* [DESCRIPTION OF THE TASK]: The answer is to be the lines below that lie between the line holding "そして、今度は渉外費名目での" and the line holding "- Модуль загрузки", inclusive, transcribed exactly and free of pictures.

* [SOURCE RECORDS]:
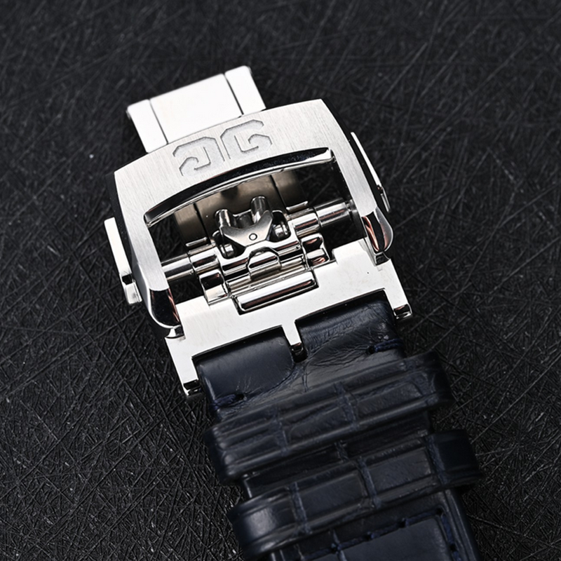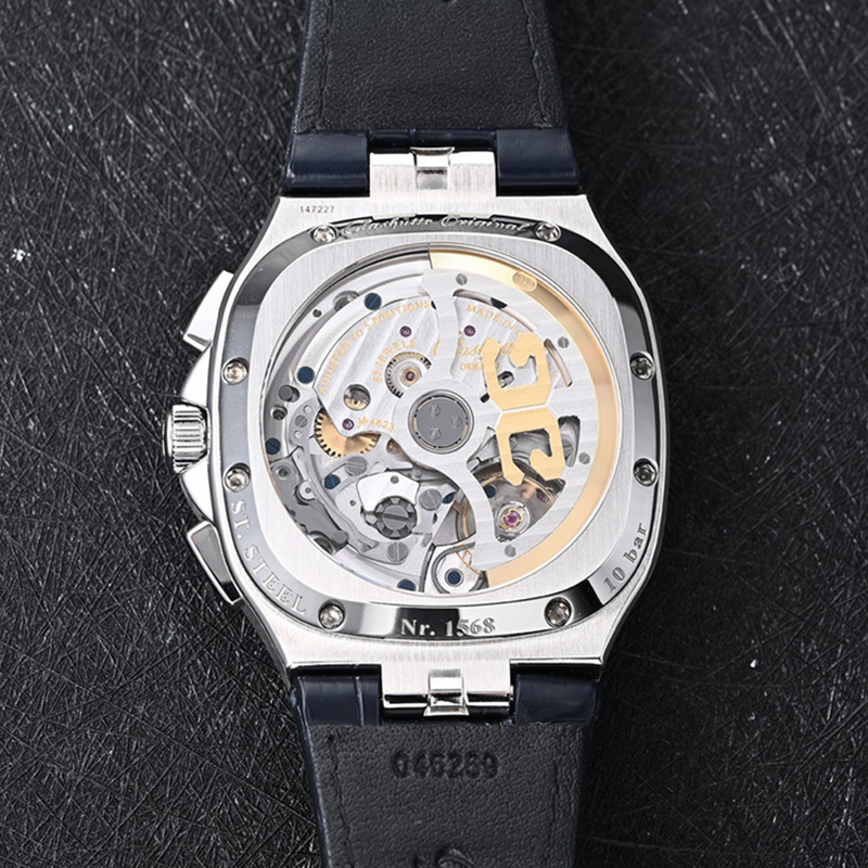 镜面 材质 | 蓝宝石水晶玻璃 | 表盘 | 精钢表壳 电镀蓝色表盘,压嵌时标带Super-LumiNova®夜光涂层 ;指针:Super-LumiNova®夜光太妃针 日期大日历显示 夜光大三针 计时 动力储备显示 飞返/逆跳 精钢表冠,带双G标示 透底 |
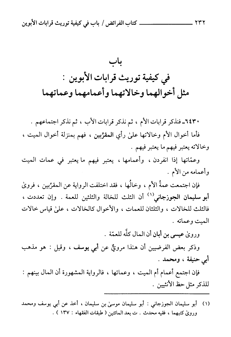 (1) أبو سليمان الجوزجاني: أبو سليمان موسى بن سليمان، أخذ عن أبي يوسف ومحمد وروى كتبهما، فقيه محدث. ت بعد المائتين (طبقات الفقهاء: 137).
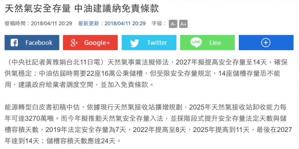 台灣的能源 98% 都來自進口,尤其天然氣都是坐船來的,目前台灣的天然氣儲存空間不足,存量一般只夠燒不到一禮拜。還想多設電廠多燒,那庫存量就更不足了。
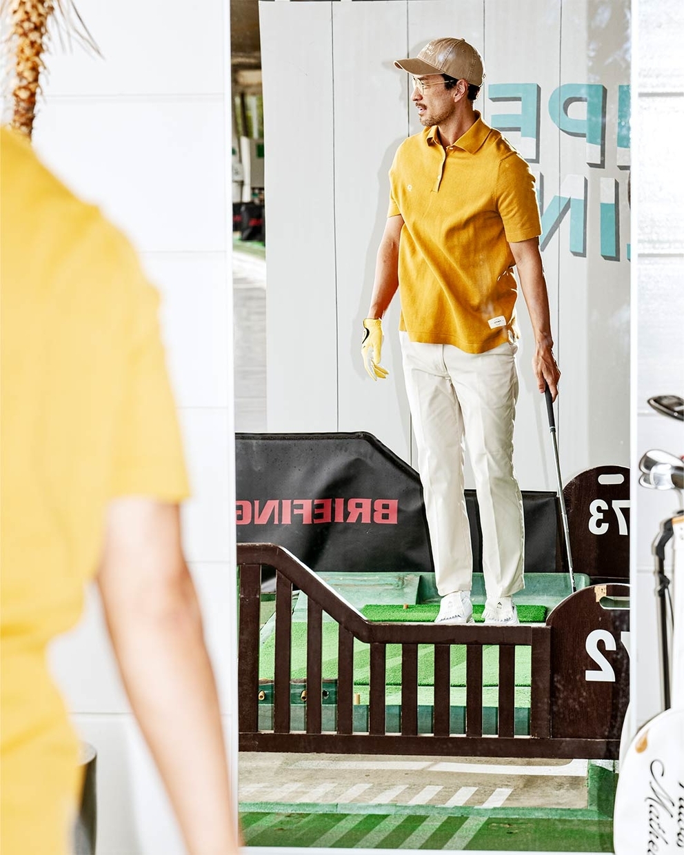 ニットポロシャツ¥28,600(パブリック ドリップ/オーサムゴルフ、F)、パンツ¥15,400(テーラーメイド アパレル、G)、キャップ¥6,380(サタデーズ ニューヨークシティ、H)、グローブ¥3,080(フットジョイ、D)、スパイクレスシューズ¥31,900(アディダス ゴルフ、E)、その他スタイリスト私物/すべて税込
...
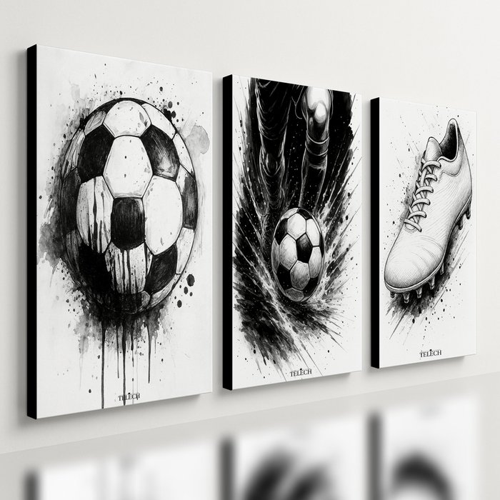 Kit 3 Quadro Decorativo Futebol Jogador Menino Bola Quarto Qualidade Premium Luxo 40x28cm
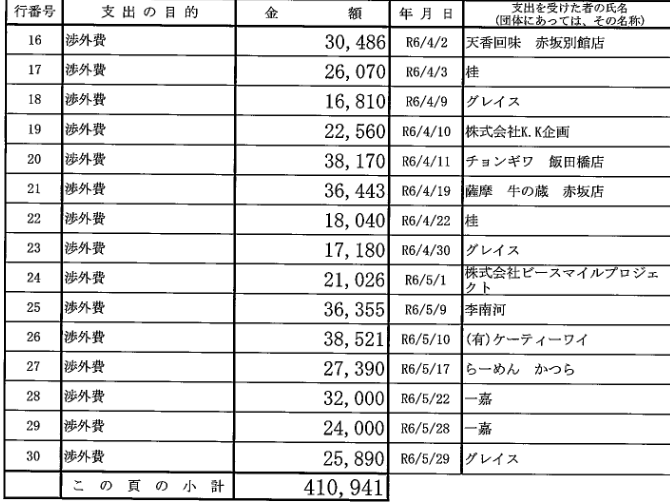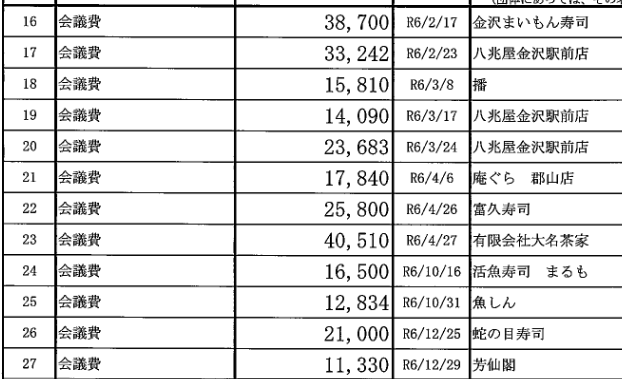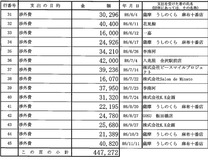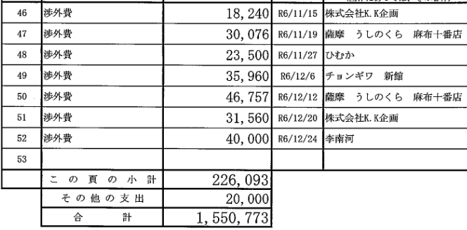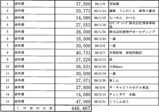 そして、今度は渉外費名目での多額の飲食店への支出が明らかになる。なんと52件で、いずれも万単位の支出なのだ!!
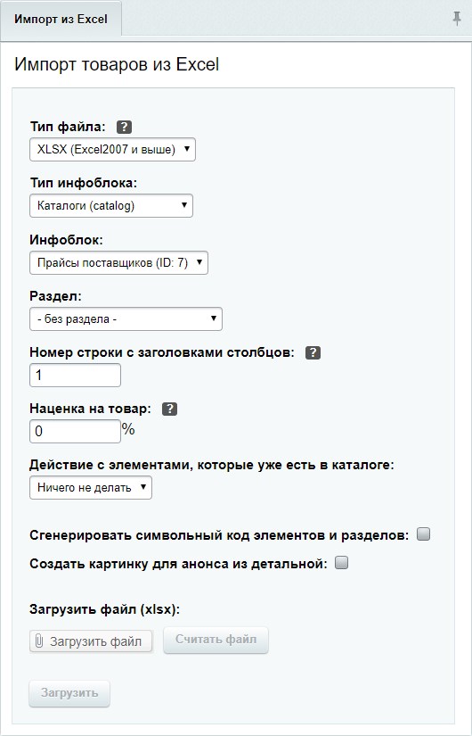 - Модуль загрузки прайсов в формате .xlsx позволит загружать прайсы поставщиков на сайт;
...
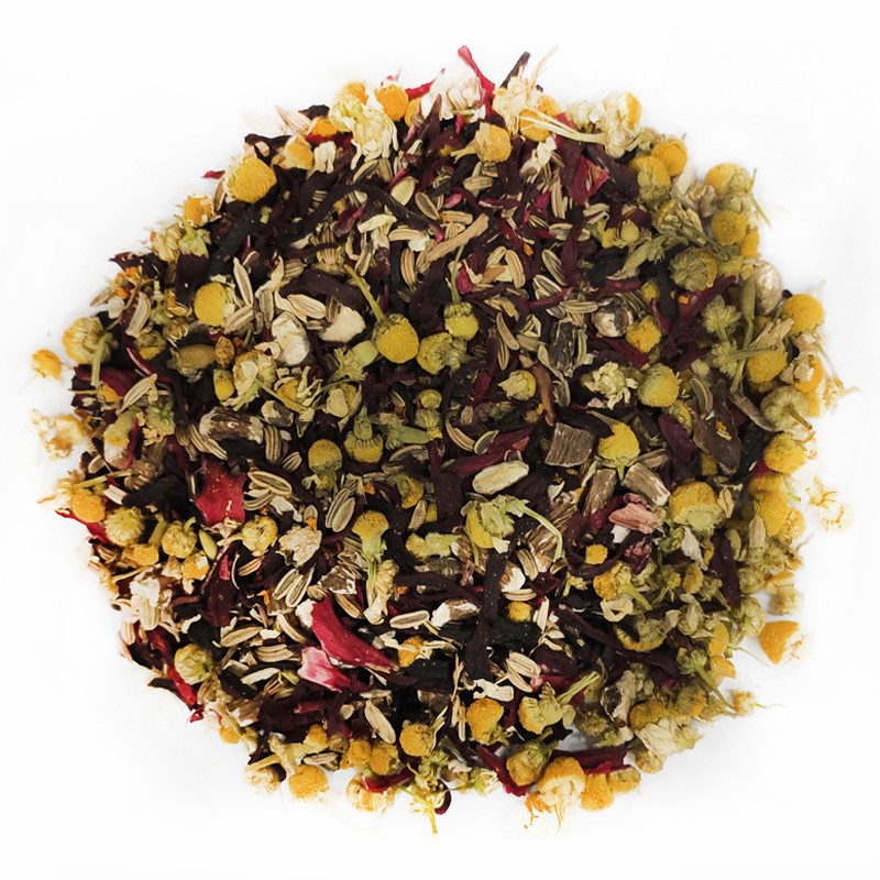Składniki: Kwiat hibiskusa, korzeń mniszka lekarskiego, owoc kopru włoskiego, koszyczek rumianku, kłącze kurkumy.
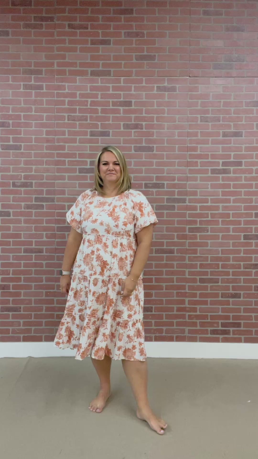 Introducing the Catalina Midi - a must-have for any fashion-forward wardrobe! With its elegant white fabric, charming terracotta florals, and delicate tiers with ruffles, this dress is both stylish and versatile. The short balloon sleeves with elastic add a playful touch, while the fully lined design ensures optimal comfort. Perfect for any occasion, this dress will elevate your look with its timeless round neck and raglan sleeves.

* [REPLY TO THE EXERCISE]:
 そして、今度は渉外費名目での多額の飲食店への支出が明らかになる。なんと52件で、いずれも万単位の支出なのだ!!
 - Модуль загрузки прайсов в формате .xlsx позволит загружать прайсы поставщиков на сайт;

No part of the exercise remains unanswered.